Southam Street Album, 1956-61 (2)

As he wrote in his 1968 autobiography, From Michael de Freitas to Michael X:

It was impossible to believe you were in twentieth-century England: terraced houses with shabby, crumbling stonework and the last traces of discoloured paint peeling from their doors, windows broken, garbage and dirt strewn all over the road, every second house deserted, with doors nailed up and rusty corrugated iron across the window spaces, a legion of filthy white children swarming everywhere and people lying drunk across the pavement…

Southam Street Album, 1956-61

As Desireee told David Peace, “Southam Street was rough, but black people expected that. You were lucky you had a room and nobody bothered you if you paid your rent.”

In the Notting Hill of the 1950s, two social groups of outcasts came together: the recent West Indian immigrants and the working-class white prositutes.
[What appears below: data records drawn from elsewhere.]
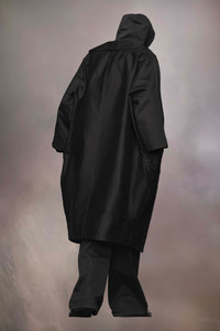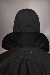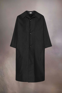 In a voluminous cut with exaggerated shoulders, the coat comes in heavy satin cotton with a collar and button closure. Cropped sleeves contrast the cocoon proportion. Maison Margiela's signature, the Four stitches, appear at the back; the opposite of a label. Product Details Item ID S50AA0154M35095900 Composition: 100% cotton Lining: 100% cotton Heavy cotton satin coat Pointed collar Horn button closure Patch pockets Four stitches at the back Made in Italy Model is 6'1" tall and wears a size 46.
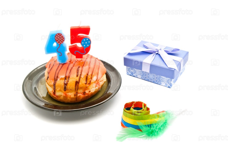 Пончик с сорока пяти лет день рождения свечи, свисток и подарок
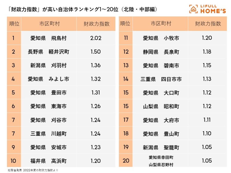総務省が発表した2022年度(令和4年度)の財政力指数では、中部地方の自治体の上位20は次のとおりだ。
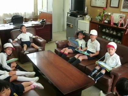 校長室のソファーで一休み。
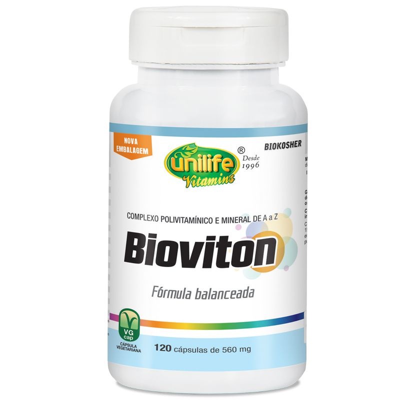 Bioviton Complexo Polivitamínico Unilife 120 cápsulas. Multivitamínico completo com 23 vitaminas e minerais. Suporta energia, imunidade, metabolismo e bem-estar geral para rotinas agitadas.
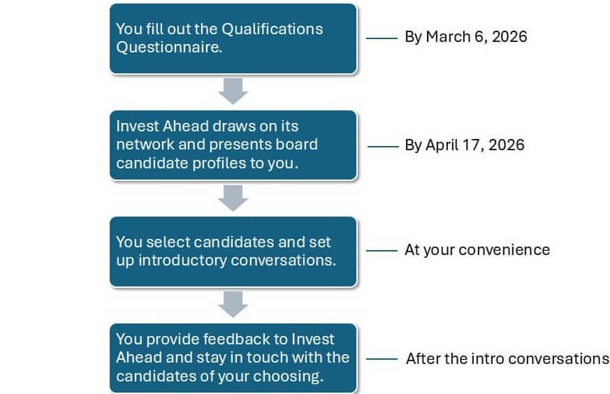 This program brings Invest Ahead's extensive network of highly-qualified Board candidates to you.

Larry Ford, a sometime club owner and contemporary of de Freitas, noted that “you get two outcasts, social outcasts, the blacks and the prostitutes and these two get together and the money comes in.”
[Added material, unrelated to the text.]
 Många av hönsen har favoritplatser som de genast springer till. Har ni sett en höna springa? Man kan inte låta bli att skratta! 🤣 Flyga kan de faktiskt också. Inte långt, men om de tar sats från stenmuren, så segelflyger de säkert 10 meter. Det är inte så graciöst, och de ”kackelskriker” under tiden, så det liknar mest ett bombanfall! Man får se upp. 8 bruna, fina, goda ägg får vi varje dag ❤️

In his autobiography, de Freitas wrote about a woman named Sylvia, who he acted as a pimp for (although he claimed she simply turned up with £40 one day, handed it over to him, and their working relationship began from there.) He coldly pondered his position: “People have been trying to work out why prostitutes need a ponce since the profession began and nobody’s found a satisfactory answer. In this girl’s case I think she was a compulsive giver and she had no other way of making so much to give.” Sylvia certainly found someone who would take as much as she could make.
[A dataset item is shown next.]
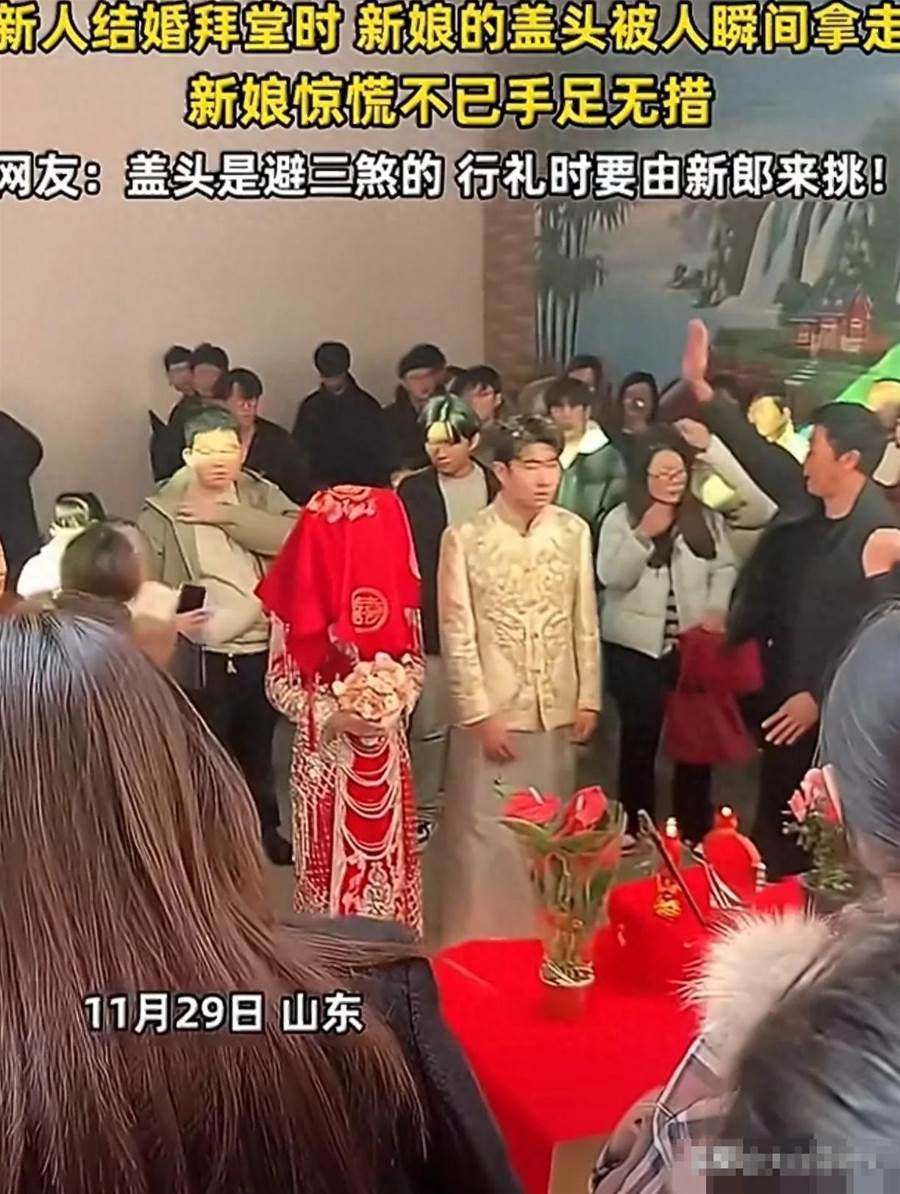 而山東這對新人,恰恰就在蓋頭上出了一個小插曲,給整個婚禮留下了一個小遺憾。

As De Freitas pimped, he quickly became well-known on the semi-criminal scene for the long hours his girls worked (“the way they saw it was that I sent the girl out to work and allowed her to do nothing but to stay on the job constantly. In fact, of course, she seemed to want to do nothing else” he wrote, probably entirely fictionally.)

But during the summer of 1958,  Notting Hill sporadically exploded in incidents of violence. Carribean men were being attacked and beaten on the streets by large groups of white men, the flames of racial hatred fanned by Oswald Moseley, the Union movement and the White Defence League, whose motto was ‘Keep Britain White.’

Outside the Calypso Club on Westbourne Park Road, a meeting was held. As three West Indians addressed the crowd, urging them to start committees and write to their MPs to protest against the indiscriminate attacks and the rising tide of racial hatred, DeFreitas asked to speak. It would be his first ‘political’ speech.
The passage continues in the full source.